== Record extracts ==

━━━

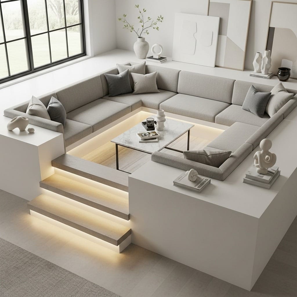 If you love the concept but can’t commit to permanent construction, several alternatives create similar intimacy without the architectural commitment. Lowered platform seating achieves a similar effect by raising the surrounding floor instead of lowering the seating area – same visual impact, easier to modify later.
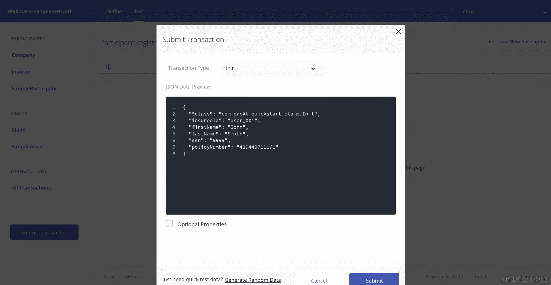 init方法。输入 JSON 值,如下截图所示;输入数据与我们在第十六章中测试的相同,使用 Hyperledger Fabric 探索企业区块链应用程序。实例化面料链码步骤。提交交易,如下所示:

━━━

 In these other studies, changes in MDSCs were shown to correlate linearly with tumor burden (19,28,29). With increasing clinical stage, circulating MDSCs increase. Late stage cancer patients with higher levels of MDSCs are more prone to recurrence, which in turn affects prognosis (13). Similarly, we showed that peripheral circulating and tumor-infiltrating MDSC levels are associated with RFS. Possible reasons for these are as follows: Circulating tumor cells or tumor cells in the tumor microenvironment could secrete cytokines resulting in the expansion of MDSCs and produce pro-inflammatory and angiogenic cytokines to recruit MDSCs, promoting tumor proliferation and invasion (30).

━━━

== Problem ==
Take only the lines above from the one that has "If you love" through the one that has "init方法。输入 JSON 值,如下截图所示;输入数据与我们在第十六章中测试的相同,使用" and reproduce them exactly, omitting any pictures.

== Response ==
 If you love the concept but can’t commit to permanent construction, several alternatives create similar intimacy without the architectural commitment. Lowered platform seating achieves a similar effect by raising the surrounding floor instead of lowering the seating area – same visual impact, easier to modify later.
 init方法。输入 JSON 值,如下截图所示;输入数据与我们在第十六章中测试的相同,使用 Hyperledger Fabric 探索企业区块链应用程序。实例化面料链码步骤。提交交易,如下所示:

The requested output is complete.